So, Doomsday's been pretty much no-selling every single attack launched from Mega Man, Fox McCloud, Miles 'Tails' Prower, Samus Aran, Raiden, Ryu, Hanzo Hasashi, Terry Bogard, Luigi, Master Chief, and Zelda.
These guys were being taken down, almost without a fight. Chief's various guns were ineffective, and he was being beaten around and had gotten knocked out with near ease.
Tails had dragged Mega Man off to get repairs to his systems. With Mega Man's torso having a poisoned bone claw in it, he had some short circuits in his body.
Zelda was struggling to get back up.
Terry was busy keeping Zelda safe from harm.
Raiden was already low on power, so he was out.
And as for Samus, Luigi, and Fox…
Fox was circling Doomsday in his Arwing. Constantly blasting away at the beast.
Luigi, who had recently recovered from using his Negative Zone on Doomsday, had been busy looking for some ammo packs to help out Master Chief.
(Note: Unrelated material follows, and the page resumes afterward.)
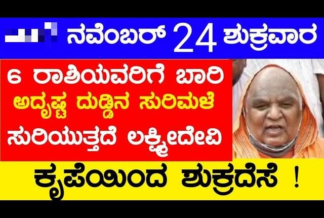 ನವೆಂಬರ್ 24 ಶುಕ್ರವಾರ 6 ರಾಶಿಯವರಿಗೆ ಬಾರಿ ಅದೃಷ್ಟ ದುಡ್ಡಿನ ಸುರಿಮಳೆ ಸುರಿಯುತ್ತದೆ ಲಕ್ಷ್ಮೀದೇವಿ ಕೃಪೆಯಿಂದ
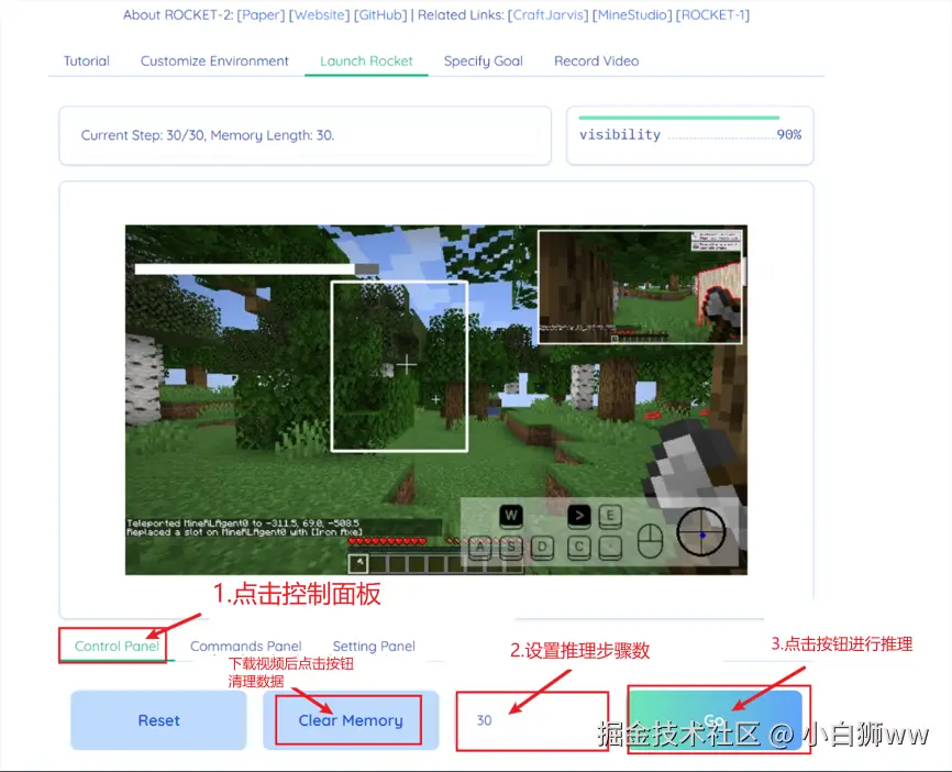 6.设置完成后,进入「Control Panel」设置推理步骤并进行推理。

The Chief was recovering from behind a car, reloading his weapons. "Terry, you got one of my ammo packs?"
"No, I dropped it awhile ago. I think- WOAH!" the conversation abruptly ended as Chief noticed a Power Geyser erupting from the ground. "Sorry about that. The bones were coming at us."
"I got it!" Luigi slid towards Master Chief's location, and tossed him the ammunition, "Go for it!"
The Chief nodded as he readied his Nornfang rifle. He had anticipated the need for armor-piercing rounds, and grabbed it before they left. He also had several other weapons, but they were on Tails' person (The fox can hold a LOT of equipment).
He steadied his sights, and once Doomsday was in his crosshairs -
*BANG!*
"Headshot!"
Unfortunately, that 'headshot' did next to nothing to slow down Doomsday. Instead of taking the monster's head clean off, the bullet lodged itself in the forehead of the beast. Doomsday picked up a large boulder, and threw it towards the Space Marine.
"Oh, son of a-"
Luigi's hammer shattering the boulder cut him off. "Keep going. I think we can overwhelm him!"
Luigi's Thunderhand was constantly hitting Doomsday, sending electrical shocks throughout the monster's body.
Fox's Arwing was still hitting the Omnicidal Grey Monster with it's powerful blasters. Further enraging the beast.
The Space Marine, on the other hand, had opted to blast away using his trusted assault rifle, occasionally throwing a grenade or two to deal out extra damage.
Ryu and Hanzo had taken to firing several hellfire blasts and Hadoken blasts at the monster.
"I do not enjoy using the power of hellfire, but I enjoy having this… abomination around even more!" Hanzo declared, as he threw a sword at the beast that he had manifested from nearly nowhere.
"I am here to show the true power of Mankind!" Ryu yelled as he concentrated his power.
"I'd say that it's time to scratch one galactic terror off the list." Fox said as he dropped a smart bomb on Doomsday.
"I might be a-scared, but I'm a-not going to let that stop me!" Luigi cried as his Poltergust launched several rocks, car parts, and general debris at the beast.
"I stopped the Flood. One of these guys shouldn't be a problem." Master chief muttered, noticing he was low on bullets.
With all this going on, one must wonder: What is Samus doing?
Samus' arm cannon had finished charging.
"Alright, ZERO BEAM! LET'S GO!"
Samus charged in, ready to strike. Bobbing and weaving past the various debris that were clouding the battlefield.
"Gruh?"
Doomsday turned to look at Samus, a quizzical look on his face that turned to shock.
*BZZT!*
The beam fired, sending a large beam of plasma energy forward, and sending a large blast that carried on.
Tony Stark sighed and surveyed the damage done.
Spidey, Vegeta, Bowser, and Bayonetta were all unconscious. Beaten to the point of being unable to stay awake.
Others like Captain America, Ken, Donkey Kong, Yoshi, and even Wolverine were too injured to really do anything.
And Deadpool? Well…
"Hey, someone bring my limbs over here? I'm not in the mood to regrow them completely."
Yeah.
*BBBBZZZZZTTTTT!*
"What the…"
So, it's almost time for Doomsday to go dow- Wade? What the….?
Deadpool: Hulk smashed my torso. It was like… Mortal Kombat…
Damn. So, who's your money on anyways?
Deadpool: Gotta go with the local hottie.
That's not specific. At least, not for you.
Deadpool: Whatever. Don't you have a disclaimer to do?